Instructions to follow =
Leave the images out and repeat the data exactly as given.

Dataset extract =
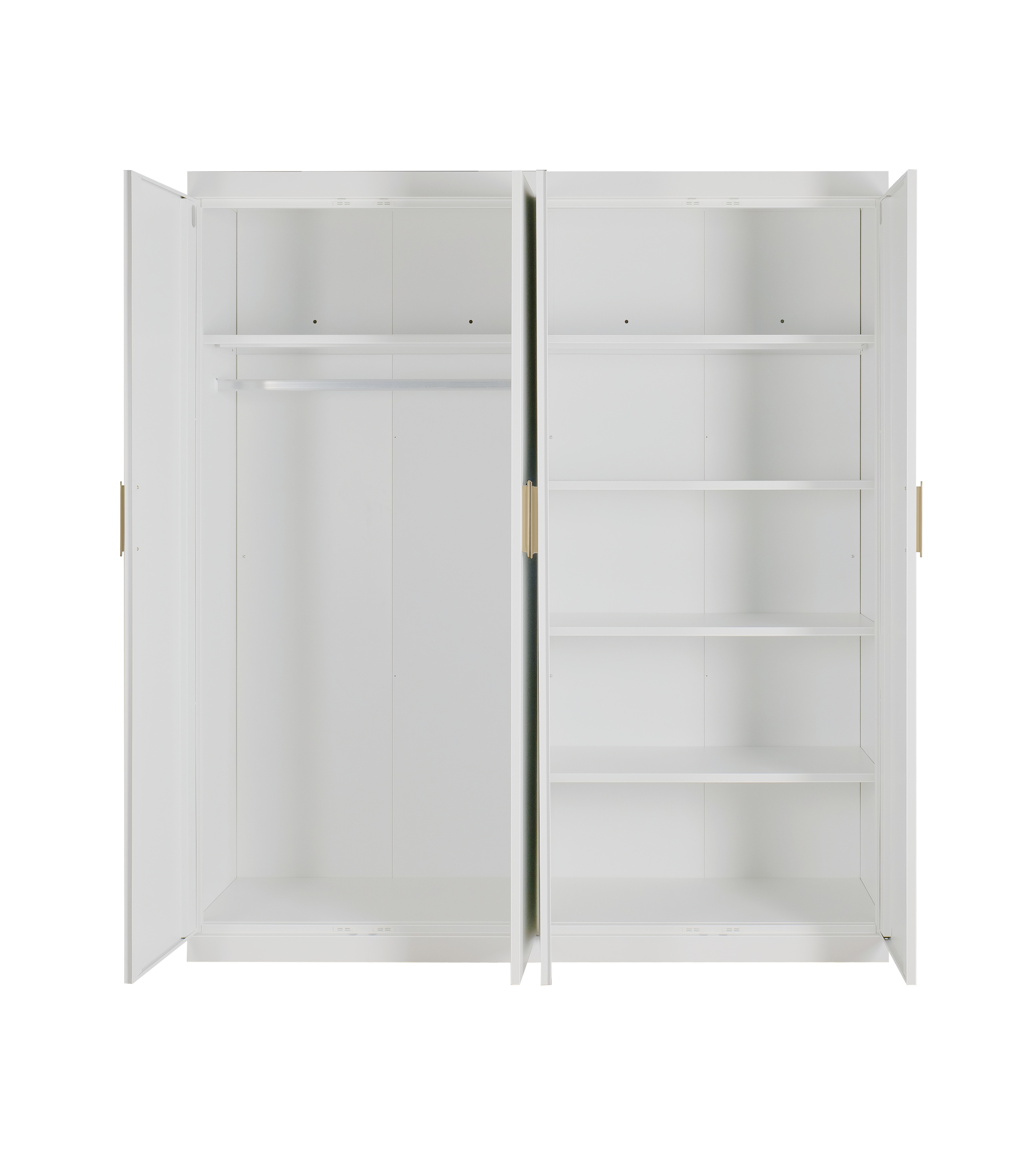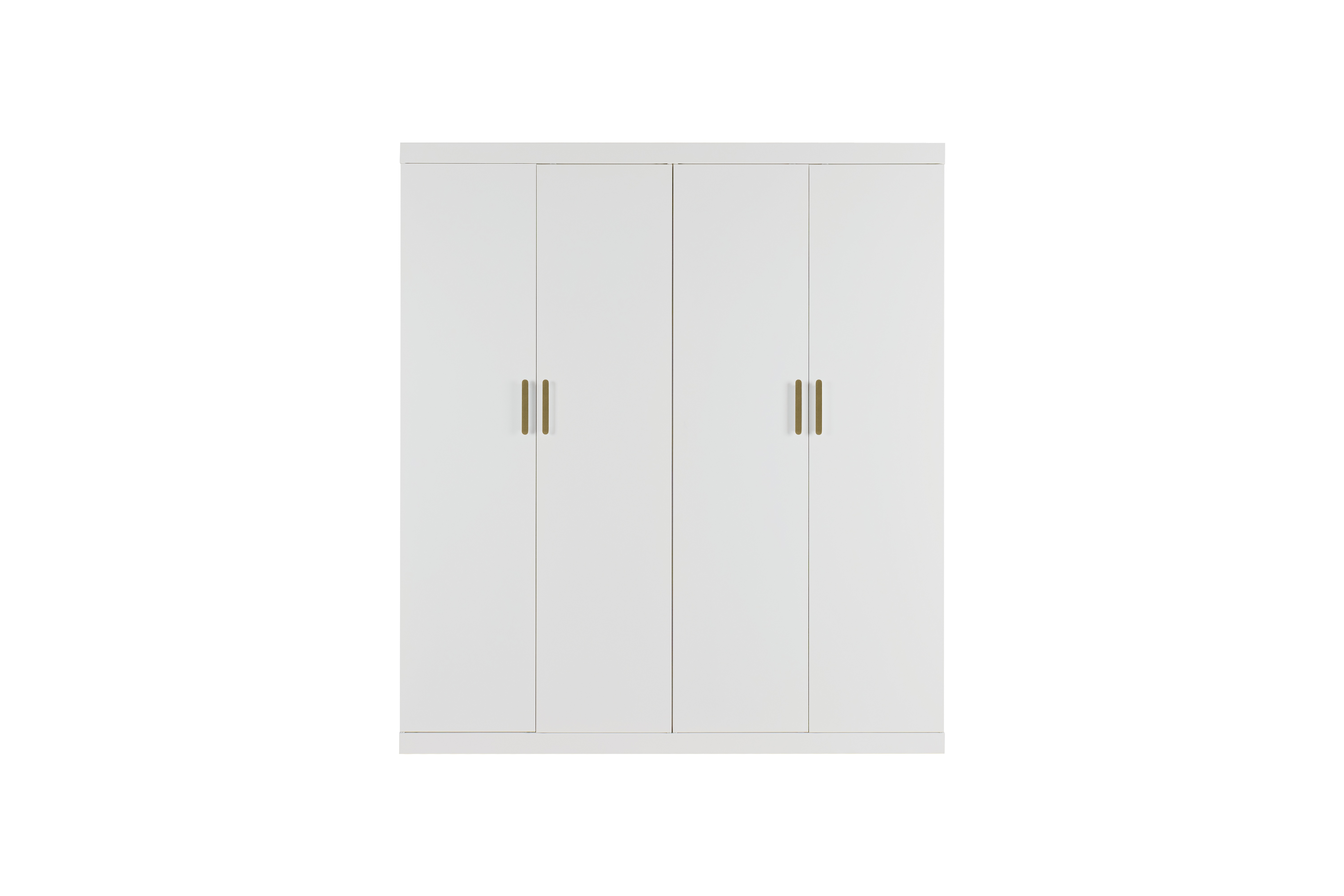 4 Door Wardrobe in White Gloss – Hanging Rail, Shelves & Gold Handles
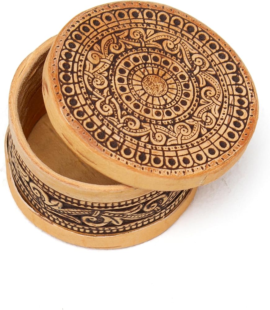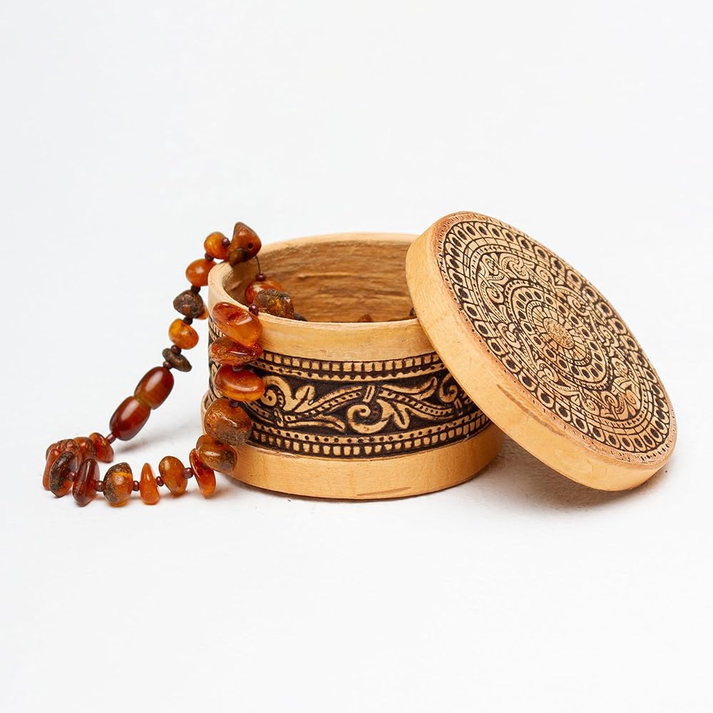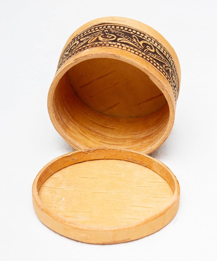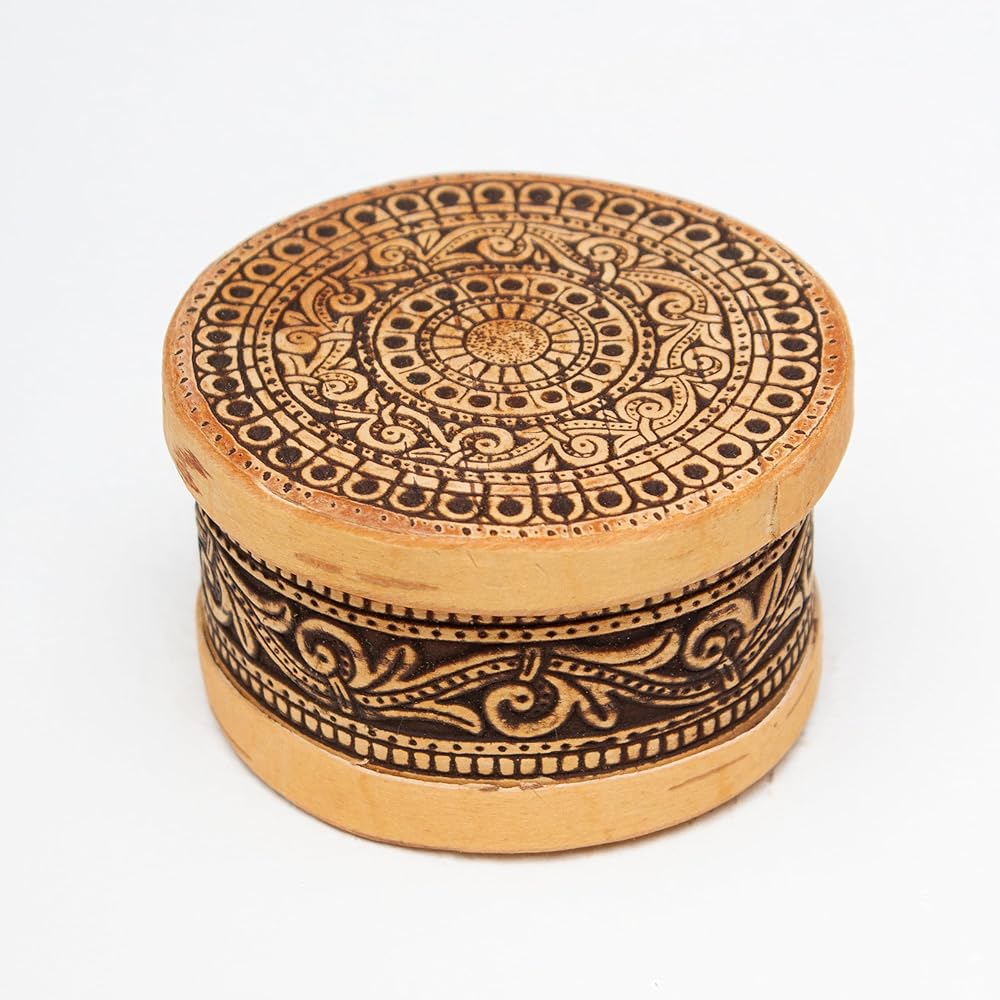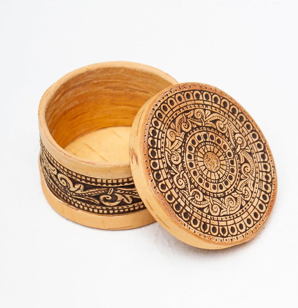 صندوق تخزين تذكاري صغير للمجوهرات المزخرفة، علب هدايا لحاء البتولا الخشبي الدائري
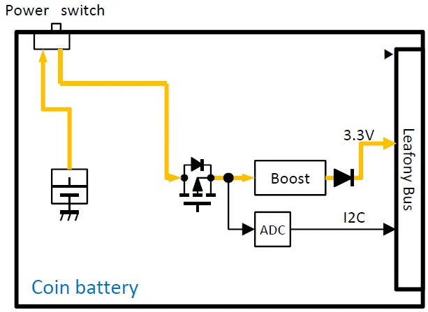 CR2450コイン電池ホルダを実装し、3Vの電池電圧を昇圧電源回路により3.3Vに変換し、3.3Vを各リーフに供給するリーフです。3.3Vをオン/オフするためのスイッチを実装しています。また、電池電圧をモニタするためのADコンバータを実装しています。

Exercise solution =
 4 Door Wardrobe in White Gloss – Hanging Rail, Shelves & Gold Handles
 صندوق تخزين تذكاري صغير للمجوهرات المزخرفة، علب هدايا لحاء البتولا الخشبي الدائري
 CR2450コイン電池ホルダを実装し、3Vの電池電圧を昇圧電源回路により3.3Vに変換し、3.3Vを各リーフに供給するリーフです。3.3Vをオン/オフするためのスイッチを実装しています。また、電池電圧をモニタするためのADコンバータを実装しています。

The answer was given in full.